What Is A Service Dog

There is a difference between "Being of Service" and "being a servant". To Be of Service means that you're joyfully giving according to your ability and what you are giving comes from the heart. 

Being a servant means that you're giving or doing out of obligation. Also keep in mind that doing for someone who doesn't want or need you to is not service, it is a form of control. To notice a need and step forward assist, be of service. This is done no matter if noticed, thanked, appreciated, recognized or not. The service being great, it's done still. It's unconditional and done with care and love. I do simply because. . 
Service Dogs are not servants. Trained correctly, a service dog joyfully and intently does its job helping its handler. A service dog is specifically trained to help people who have disabilities, such as visual impairment, hearing impairments, mental illnesses (such as post-traumatic stress disorder (PTSD)), seizure disorder, mobility impairment, and diabetes. 

According to law (2011 American’s With Disabilities Act from the Department of Justice): Service animals are defined as dogs that are individually trained to do work or perform tasks for people with disabilities.

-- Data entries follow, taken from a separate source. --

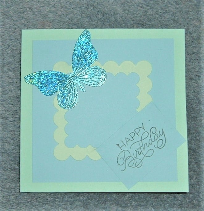 the base card stock is pale green and has been embellished with a butterfly and the greeting "Happy Birthday"
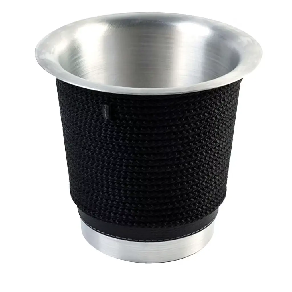 A practical and chic way to personalize a glass during large parties and family gatherings, this set includes six cup holders made of aluminum with a black leather cover and feature a nautical-inspired decorative trim of black rope. Each set comes with six charms to identify the right glass and avoid unnecessary waste of disposable cups. Perfect on any occasion, these cup holders can be used both indoor and outdoors.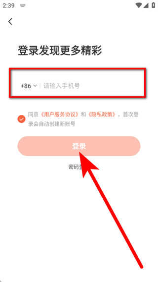 3、在登录页面,输入手机号,点击登录获取发验证码。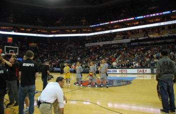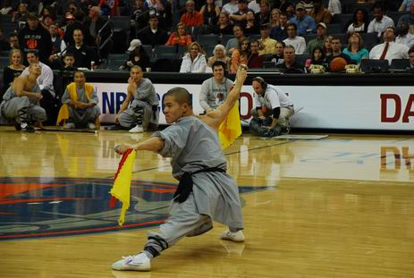 中場休息期間在全場觀眾經(jīng)久不息地助威聲下,費(fèi)佛爾大學(xué)孔子學(xué)院邀請(qǐng)的4位功夫大師由愛美麗·羅德女士率領(lǐng)步入球場中央,功夫大師們恭謹(jǐn)?shù)叵蛉珗鲇^眾行佛禮。這時(shí)賽場主持人以NBA式的渾厚嗓音向現(xiàn)場觀眾發(fā)布: “讓我們熱烈歡迎今晚的特別嘉賓,費(fèi)佛爾大學(xué)孔子學(xué)院少林功夫大師,他們給我們帶來了擁有1700年歷史的中國地道的少林功夫!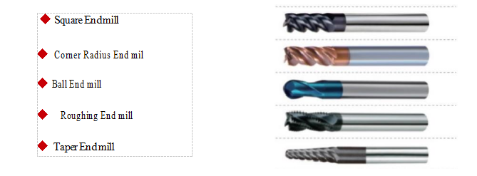 - Type: Square End Mill / Corner Radius End Mill / Ball End Mill / Roughing End Mill / Taper End Mill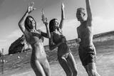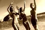 Group of young travelers enjoying a safe beach vacation, highlighting the joy of protected travel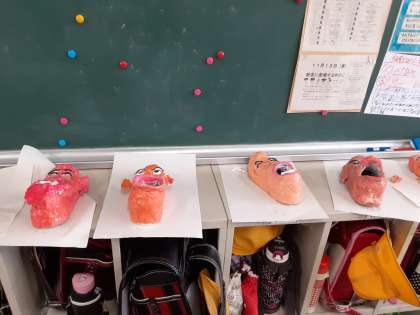 教室の後ろには、図画工作科でニスを塗った「くつが大変身〜おもしろい顔を作ろう〜」の作品が乾かされていました。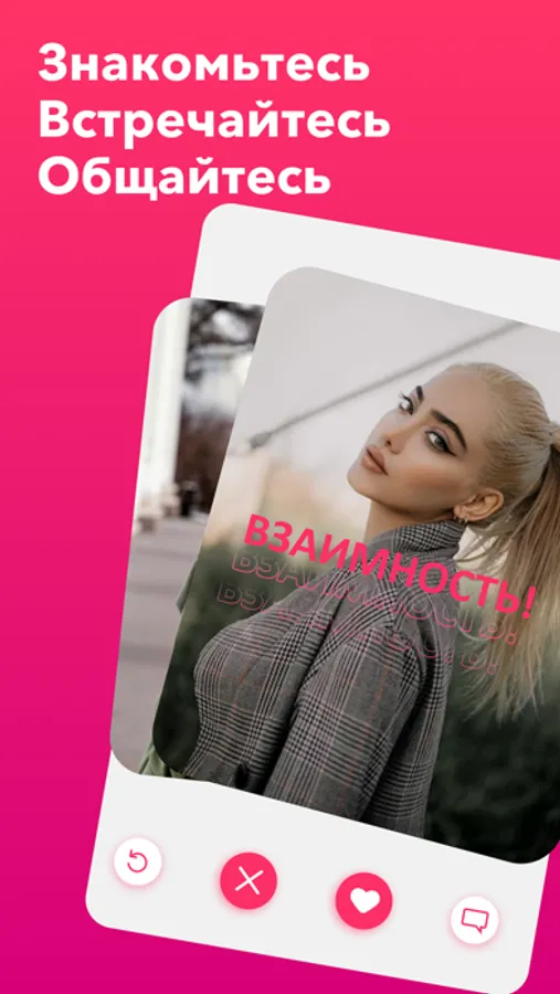 1. В нашем приложении уже привычные всем свайпы, взаимные симпатии, чаты.
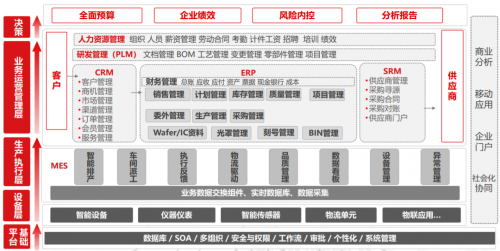 由于受到歐美對我國芯片的打壓,近年來國家層面開始重視芯片自主發(fā)展,國內的芯片設計企業(yè)得以迅猛發(fā)展。芯片設計行業(yè)以民營資本為主,其中不少還有外資背景。除少數(shù)頭部企業(yè),國內大多數(shù)芯片設計企業(yè)尚處于初創(chuàng)期或者成長期,初始信息化投入不高,一般會導入一些數(shù)字化基礎應用軟件如:財務軟件、庫存管理軟件和辦公自動化OA、 CRM,部分企業(yè)還會導入PLM設計管理軟件等,實現(xiàn)部門級應用。然而隨著一些企業(yè)的高速發(fā)展壯大,條塊分割的功能級應用系統(tǒng)已經(jīng)不能夠滿足此類企業(yè)的管理要求,迫切要求一體化、集成化應用數(shù)智管理平臺。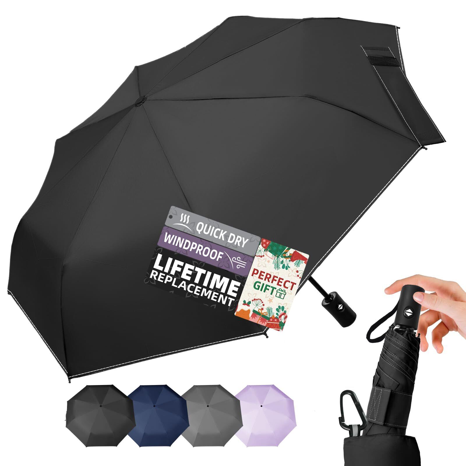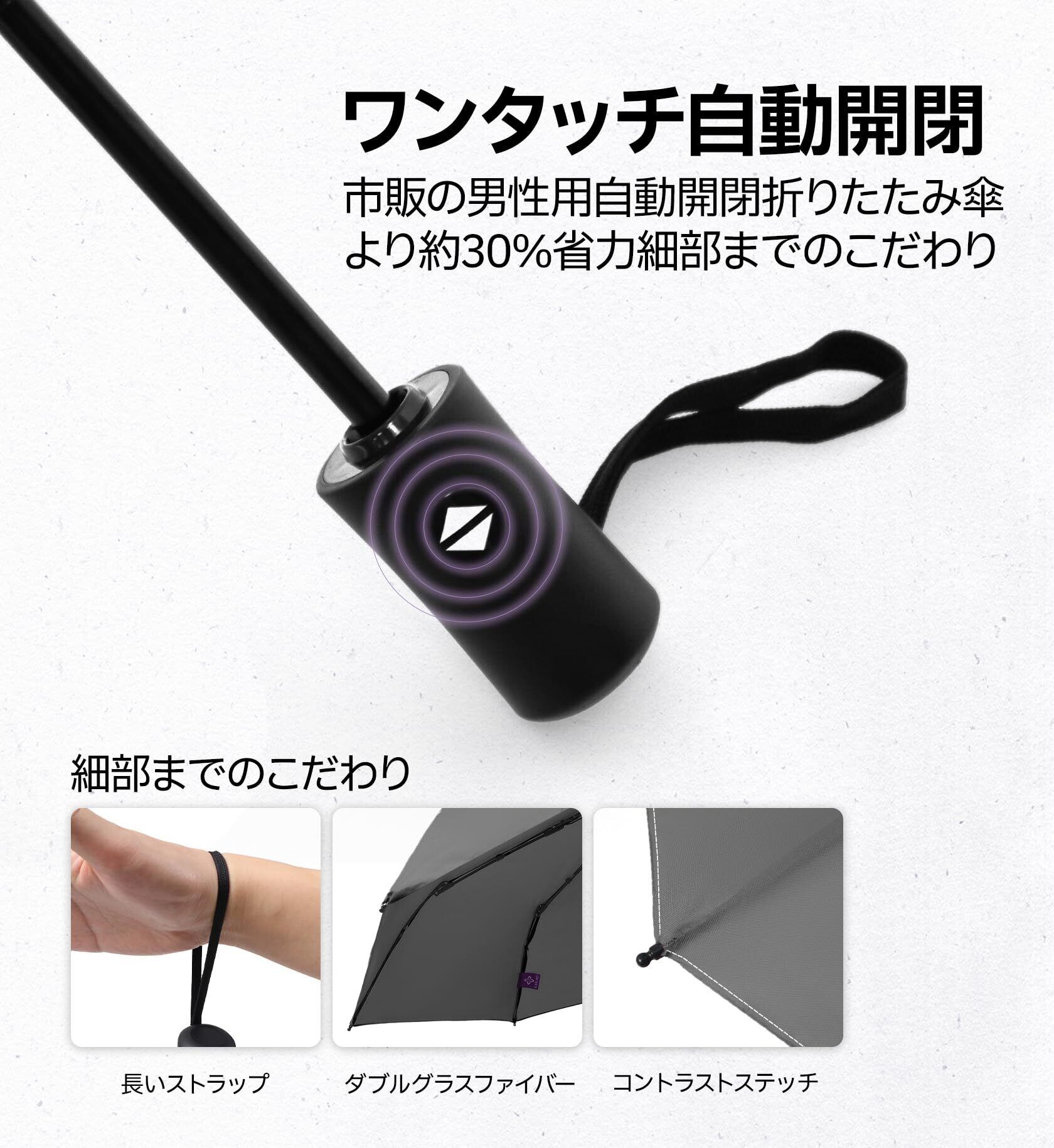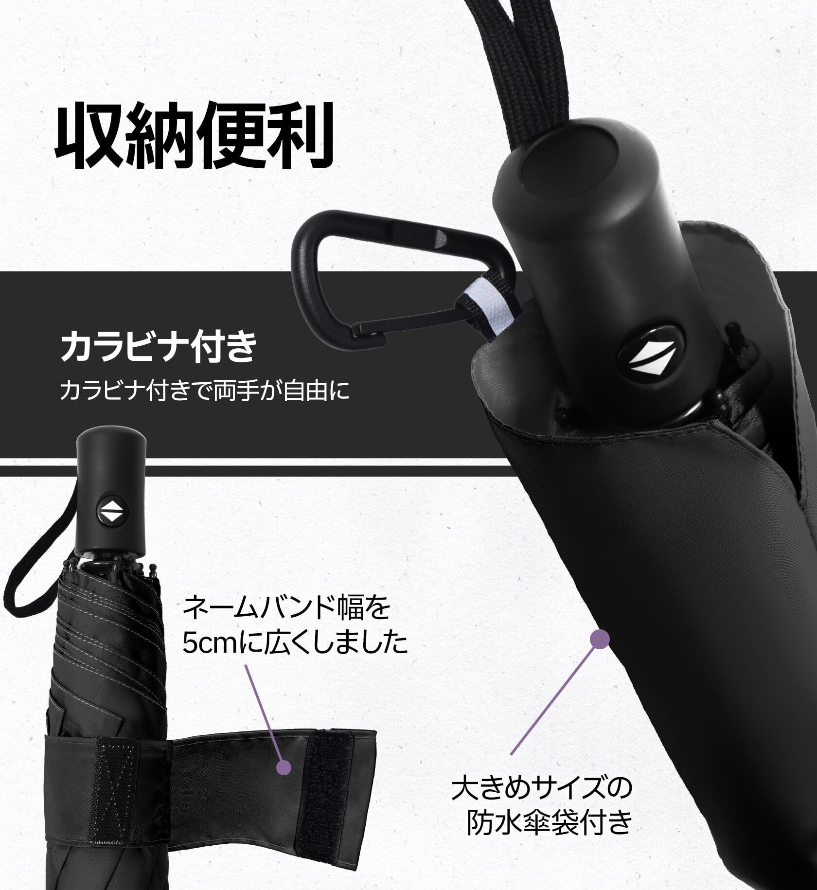 「デザイン」広げた傘袋と5cmネームバンドで収納が簡単、ハンドルの握り心地が良い、おしゃれなコントラストステッチ、カラビナで携帯性も向上した自動開閉折りたたみ傘は、色々なな細かい部分までより優れた使用体験を実現します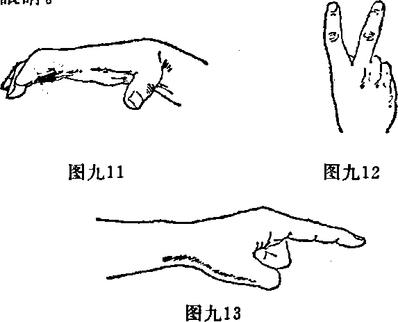 6,剪形指剪形指的做法是——伸展食指与中指两指略微分开拇指压于无名指的第二指节处(图九12)。剪形指主要用于插击两眼。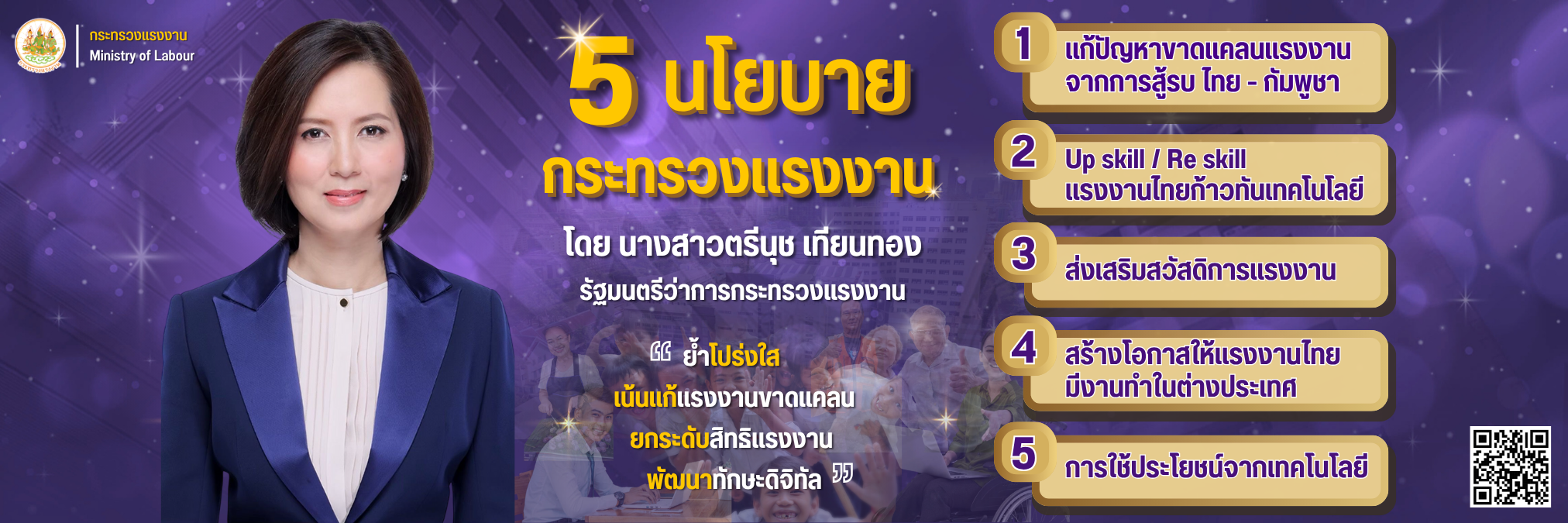 5 นโยบายกระทรวงแรงงาน โดย นางสาวตรีนุช เทียนทอง รัฐมนตรีว่าการกระทรวงแรงงาน ?????“ย้ำโปร่งใส เน้นแก้แรงงานขาดแคลน ยกระดับสิทธิแรงงาน พัฒนาทักษะดิจิทัล”

Examples of such work or tasks include guiding people who are blind, alerting people who are deaf, pulling a wheelchair, alerting and protecting a person who is having a seizure, reminding a person with mental illness to take prescribed medications, calming a person with Post Traumatic Stress Disorder (PTSD) during an anxiety attack, or performing other duties. Service animals are working animals, not pets. 

The work or task a dog has been trained to provide must be directly related to the person’s disability. Dogs whose sole function is to provide comfort or emotional support do not qualify as service animals under the ADA.